2596. No entanto, o primeiro princípio, "visto que é uma qüididade", ou seja, visto que é sua própria essência e estrutura inteligível, não contém matéria, porque sua substância é "realidade completa", i.e., atualidade, enquanto a matéria está em potência. Resta, então, que o primeiro motor imóvel é um não apenas em sua estrutura inteligível, mas também em número. Portanto, o primeiro movimento eterno, que é causado por ele, deve ser único. Consequentemente, segue-se que há apenas um céu.

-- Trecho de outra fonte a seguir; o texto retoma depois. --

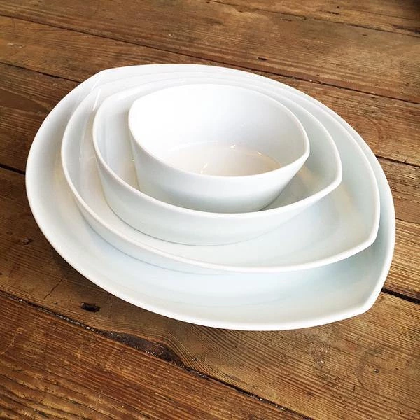 Hakusan Porcelain Leaves Plate Set (4pcs) – Elegant White Dining & Tableware

2597. Agora, tradições (1088).

Ele mostra como os pontos descobertos sobre uma substância imaterial se comparam tanto com as opiniões antigas quanto com as comuns. Ele diz que certas tradições sobre as substâncias separadas foram transmitidas pelos filósofos antigos, e estas foram legadas à posteridade sob a forma de um mito, de que essas substâncias são deuses, e que o divino abrange toda a natureza. Isso segue-se dos pontos acima, concedido que todas as substâncias imateriais são chamadas de deuses. Mas se apenas o primeiro princípio é chamado de Deus, há apenas um Deus, como fica claro pelo que foi dito. O restante da tradição foi introduzido sob a forma de um mito para persuadir a multidão, que não consegue apreender as coisas inteligíveis, e na medida em que era conveniente para a criação de leis e para o benefício da sociedade, que, por invenções desse tipo, a multidão pudesse ser persuadida a buscar atos virtuosos e evitar os maus. Ele explica a parte mitológica dessa tradição acrescentando que eles disseram que os deuses têm a forma de homens e de certos outros animais. Pois eles inventaram as fábulas de que certos homens, bem como outros animais, foram transformados em deuses; e acrescentaram certas afirmações consequentes a estas e semelhantes às que acabaram de ser mencionadas. Ora, se entre essas tradições alguém deseja aceitar apenas aquela que foi observada primeiro acima, a saber, que os deuses são substâncias imateriais, isso será considerado uma declaração divina, e uma que é provavelmente verdadeira. E é assim porque toda arte e toda filosofia foram frequentemente descobertas pelo poder humano e novamente perdidas, seja por causa de guerras, que impedem o estudo, seja por causa de inundações ou outras catástrofes desse tipo.

2598. Também era necessário que Aristóteles mantivesse essa visão para salvar a eternidade do mundo. Pois era evidente que em um tempo os homens começaram a filosofar e a descobrir as artes; e pareceria absurdo que a raça humana ficasse sem elas por um período infinito de tempo. Daí ele dizer que a filosofia e as várias artes foram frequentemente descobertas e perdidas, e que as opiniões daqueles pensadores antigos são preservadas como relíquias até os dias atuais.

2599. Por último, ele conclui que "a opinião de nossos antepassados", i.e., aquela recebida daqueles que filosofaram e após os quais a filosofia se perdeu, é evidente para nós apenas desta forma, i.e., sob a forma de um mito, como foi dito acima (1088:C 2597).